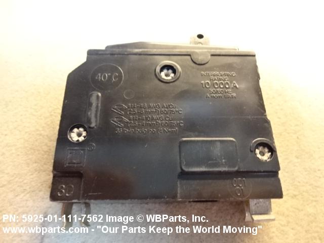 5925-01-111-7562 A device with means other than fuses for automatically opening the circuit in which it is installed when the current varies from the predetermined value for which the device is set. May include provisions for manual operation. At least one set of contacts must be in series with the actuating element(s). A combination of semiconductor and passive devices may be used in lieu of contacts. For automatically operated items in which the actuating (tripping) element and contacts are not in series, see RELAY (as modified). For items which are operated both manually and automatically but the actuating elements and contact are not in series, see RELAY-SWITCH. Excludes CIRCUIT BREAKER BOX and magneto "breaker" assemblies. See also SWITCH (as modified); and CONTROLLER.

________

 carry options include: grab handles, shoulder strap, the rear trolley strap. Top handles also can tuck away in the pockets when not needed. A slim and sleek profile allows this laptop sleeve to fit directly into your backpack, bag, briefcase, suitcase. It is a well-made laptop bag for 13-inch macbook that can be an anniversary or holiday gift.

________

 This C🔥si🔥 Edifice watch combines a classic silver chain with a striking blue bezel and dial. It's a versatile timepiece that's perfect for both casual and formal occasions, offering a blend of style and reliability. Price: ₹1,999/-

________

__Try it__. Find the string "that" in the entries above. Copy each line where it occurs.

__Answer to this problem__.
 carry options include: grab handles, shoulder strap, the rear trolley strap. Top handles also can tuck away in the pockets when not needed. A slim and sleek profile allows this laptop sleeve to fit directly into your backpack, bag, briefcase, suitcase. It is a well-made laptop bag for 13-inch macbook that can be an anniversary or holiday gift.
 This C🔥si🔥 Edifice watch combines a classic silver chain with a striking blue bezel and dial. It's a versatile timepiece that's perfect for both casual and formal occasions, offering a blend of style and reliability. Price: ₹1,999/-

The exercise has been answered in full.